Лусия Мбомьо: «Ностальгия настолько велика, что ее наследуют даже дети мигрантов»

Лусия Мбомьо: «Ностальгия настолько велика, что ее наследуют даже дети мигрантов»

В нескольких словах

Интервью с журналисткой Лусией Мбомьо о ее новой книге «Земля света», посвященной жизни мигрантов, работающих в тяжелых условиях в Испании. Она рассказывает о проблемах, с которыми сталкиваются мигранты, о ностальгии и страхе, а также о росте ксенофобии в обществе. Мбомьо подчеркивает важность помнить историю и бороться с предрассудками.


«Земля света»: роман о жизни под морем пластика

После многочисленных поездок в Гаити, Ливан, Альмерию и Уэльву, журналистка Лусия-Асуэ Мбомьо Рубио (Мадрид, 43 года) решила изобразить жизнь людей, живущих или работающих под морем пластика. Так, из ее бесед с женщинами, живущими в лачугах, построенных из пластика и палок, или работающих в удушающих условиях в теплицах на юге Испании, рождается «Земля света» (Ediciones B), художественный роман, который, с элементами магического реализма и таинственными исчезновениями на заднем плане, рассказывает о повседневной жизни тысяч трудящихся мигрантов. «Книга называется так потому, что в местах света тени очень глубоки», — объясняет журналистка. Эти тени иллюстрируются эксплуатацией и злоупотреблениями, которым подвергаются ее героини, три женщины, которые плетут союзы, чтобы противостоять им.

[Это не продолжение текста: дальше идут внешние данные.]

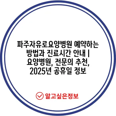 파주자유로요양병원 예약하는 방법과 진료시간 공지 | 요양병원, 전연락 추천, 2025년 공휴일 정보 에 대해 자주 묻는 질문 TOP 5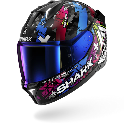 CASCO SHARK SKWAL I3 HELLCAT BLACK CHROME BLUE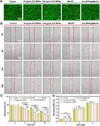 | Fig. 4. In vitro assessment of biocompatibility, and the proliferative and migratory effects of SrC-MPNs@MN-PP. (A) HUVECs were co-cultured for 48 h with extracts of SrC-MPNs (50, 100 µg/mL), MN-PP, or SrC-MPNs@MN-PP (containing approximately 100 µg/mL SrC-MPNs). A medium supplemented with 10% serum served as the control. Subsequently, cell viability was assessed using specific live/dead stains, with results visualized under fluorescence microscopy. B) Fibroblasts co-cultured with different treatment groups were subjected to a scratch assay to evaluate cellular migration and regeneration. (C) Quantitative analysis of wound closure rates across various treatment groups, corresponding to (B). (D) Proliferative responses of fibroblasts post-treatment were quantified by measuring optical density (OD) values over 1, 3, and 5 days. All experimental results were expressed as a mean ± SD, n = 3. P < 0.05, **P < 0.01, ***P < 0.001, ****P < 0.0001. | |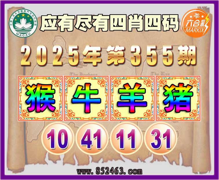 355期:🏅〖应有尽有〗🏅四肖四码🏅【猴牛羊猪】【10.41.11.31】开:00准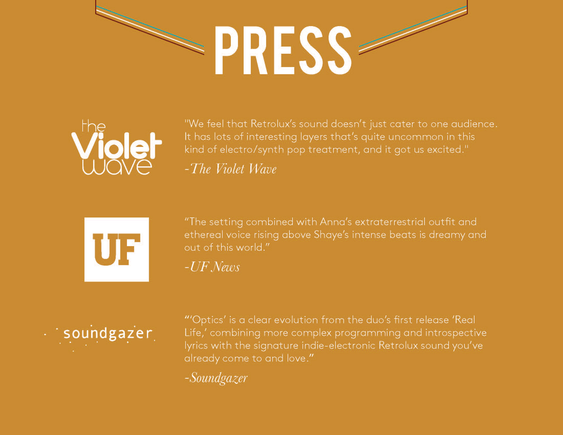 Past EPK for the electronic duo "Retrolux" of Gainesville, FL (now Brooklyn, NY).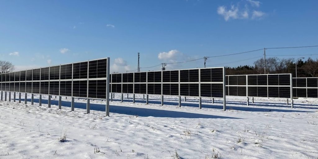 写真下:垂直式太陽光発電設備イメージ(2023年12月、自然電力が酪農学園大学敷地内に設置したもの)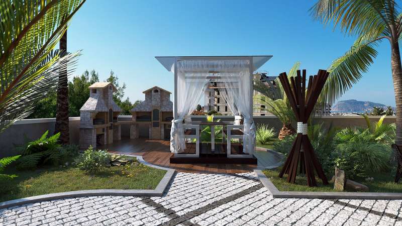 Stylish apartments are located in Oba Neighborhood, a planned development area in Alanya. Oba Neighborhood is one of the favorite areas for investment, with newly built shopping centers, hospitals, private schools, and luxury housing projects. The project is close to the under-construction shopping centers and Alanyaspor Stadium.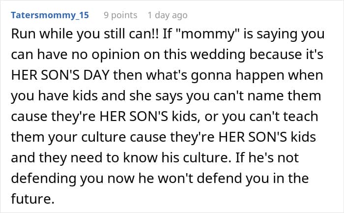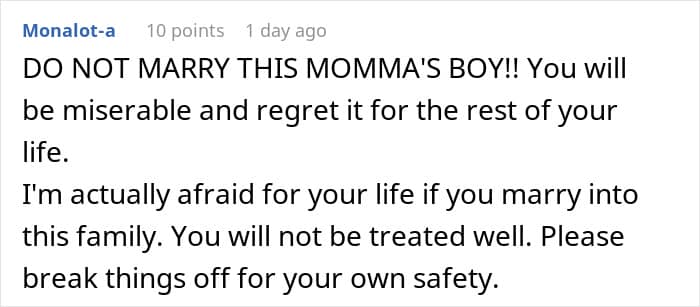 The connection between the woman’s (former) fiancé and his mom is undeniable. “Couples often come together with a feeling of newly discovered love, but the passionate and absorbing bond with a parent is the infant’s first experience of loving, and of being one person of a loving pair,” psychologist Terri Apter, Ph.D., says.

Вопрос: Нголо, одна из главных героинь, из Экваториальной Гвинеи, прилетает в Испанию на самолете, чтобы учиться, и оказывается в нелегальном положении после окончания учебы. Почему вы хотели рассказать эту историю?

Ответ: У меня была потребность развенчать монолитную идею, которая существует в отношении иммиграции, не только в отношении способа прибытия, но и в отношении мечтаний, причин, различных маршрутов, а также ожиданий и миграционных реалий, уже находясь здесь. Мне также показалось интересным развенчать эту идею, которая сейчас очень распространена, о том, что «они приезжают и получают все», хотя часто все наоборот, и объяснить, насколько ужасно зависеть от документа. Рассказать, что даже если ты приехал учиться, дела могут пойти плохо. Как вдруг поиск работы становится не только экономическим, но и жизненно важным императивом. Не только из-за денег, но и из-за возможности продолжать считаться человеком с точки зрения прав.

В: Страх и ностальгия — это два дополнительных персонажа.

О: Я хотела, чтобы люди понимали, какой вес они имеют в повседневной жизни людей, потому что это больше, чем просто чувства, они определяют их жизнь. Вдруг ты все время боишься. Боишься занимать общественные места, что тебя поймают, что тебя выследят. Что ты можешь оказаться в CIE [центре содержания иностранцев], который является тюрьмой для людей, не совершивших преступлений. И потом ностальгия, которая сопровождает тебя как мигранта всю жизнь. Только представьте, ностальгия настолько велика, что ее наследуют даже дети мигрантов. Мы несем ностальгию наших родителей как своего рода постоянную меланхолию по тому, что могло бы быть и чего не было.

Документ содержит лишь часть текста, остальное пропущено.